First thing first, Kamal Haasan’s Vishwaroopam is not an anti-Muslim film. It is technically brilliant with world class making and a subject which is truly international on global terrorism.
The film is set in New York City with intermittent flashbacks going back to Afghanistan, and not even one scene in India. The film is for those who love well made intelligent thrillers based on espionage.
Kamal Haasan has made a film which has a touch of class. The story begins in New York with Viswanath (Kamal Haasan) an effeminate Kathak dancer who has a marriage of convenience with his wife Nirupama (Pooja Kumar).
Nirupama is a nuclear oncologist who is having an affair with her boss, a shady guy with terrorist links.

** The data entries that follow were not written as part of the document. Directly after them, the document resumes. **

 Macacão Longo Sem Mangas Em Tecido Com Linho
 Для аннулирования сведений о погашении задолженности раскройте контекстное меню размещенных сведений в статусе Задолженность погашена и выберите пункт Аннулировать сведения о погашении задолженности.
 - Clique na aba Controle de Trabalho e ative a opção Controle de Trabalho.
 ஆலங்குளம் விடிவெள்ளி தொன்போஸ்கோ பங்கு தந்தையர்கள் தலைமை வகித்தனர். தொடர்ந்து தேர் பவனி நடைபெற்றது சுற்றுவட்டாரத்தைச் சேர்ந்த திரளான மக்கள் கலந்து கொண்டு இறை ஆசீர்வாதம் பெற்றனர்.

The terrorist group is led by Omar (Rahul Bose), who has connection with terrorist in Afghanistan.
Meanwhile Nirupama realizes that her husband is not what he is and there is another side to him. Soon they are caught in a dangerous situation as Viswanath’s past catches up. Here is superior quality cinema, a miniature masterpiece of how a terrorist evolves through training camps, the atrocities and how children are made human bombs and how America is fighting a losing battle in Afghanistan.

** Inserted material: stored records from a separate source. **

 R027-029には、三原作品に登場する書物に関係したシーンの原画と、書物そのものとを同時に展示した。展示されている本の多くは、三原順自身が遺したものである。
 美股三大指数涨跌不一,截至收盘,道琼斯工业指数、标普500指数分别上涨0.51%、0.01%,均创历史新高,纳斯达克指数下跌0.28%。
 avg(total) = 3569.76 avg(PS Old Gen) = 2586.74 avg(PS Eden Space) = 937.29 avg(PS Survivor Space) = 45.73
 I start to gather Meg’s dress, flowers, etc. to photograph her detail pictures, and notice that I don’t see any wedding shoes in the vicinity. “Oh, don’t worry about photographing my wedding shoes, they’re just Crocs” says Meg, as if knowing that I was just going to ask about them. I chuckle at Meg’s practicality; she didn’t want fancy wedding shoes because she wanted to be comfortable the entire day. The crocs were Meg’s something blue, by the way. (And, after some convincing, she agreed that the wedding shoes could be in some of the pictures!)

The action scenes first in a ware house in New York and battle between American forces and the terrorist running around in caves and mountains, turns out to be one of the most brilliant action set pieces in Indian cinema. However, we don’t wish to reveal more as it will be a spoiler.
The highlight of the film is the way it has been narrated by Kamal the director and his performance as an actor. He brings the house down as the effeminate dancer with his body language and eye control. And later looks very agile and dashing as an action hero.

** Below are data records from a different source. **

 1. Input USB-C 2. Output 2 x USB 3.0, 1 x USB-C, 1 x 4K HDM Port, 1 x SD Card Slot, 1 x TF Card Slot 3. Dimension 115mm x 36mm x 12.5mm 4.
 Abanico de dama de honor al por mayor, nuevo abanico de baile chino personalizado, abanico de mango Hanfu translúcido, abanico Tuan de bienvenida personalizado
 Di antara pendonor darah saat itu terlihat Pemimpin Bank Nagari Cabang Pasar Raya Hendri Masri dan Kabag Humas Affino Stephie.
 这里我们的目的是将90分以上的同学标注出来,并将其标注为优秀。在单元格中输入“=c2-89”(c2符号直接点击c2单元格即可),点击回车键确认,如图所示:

Rahul Bose is deadly as Omar the terrorist and the director in Kamal gives him as much footage as the hero. Shekhar Kapoor, Andrea and Pooja Kumar have very little to do and there is also a long shot of Osama Bin Laden.
Technically it is one of the best films to emerge out of south. The camera work of Sanu Varghese is terrific, especially the way he has taken New York and Afghanistan replica in some studio in India. Shankar Ehasan Loy’s music and back ground score is adequate. The down sides is that film should have been a little more crisp and the second half with an open ended climax for a sequel looks a bit stretched.
Vishwaroopam is a must watch for those who seek classy, stylish and extra-strong entertainment.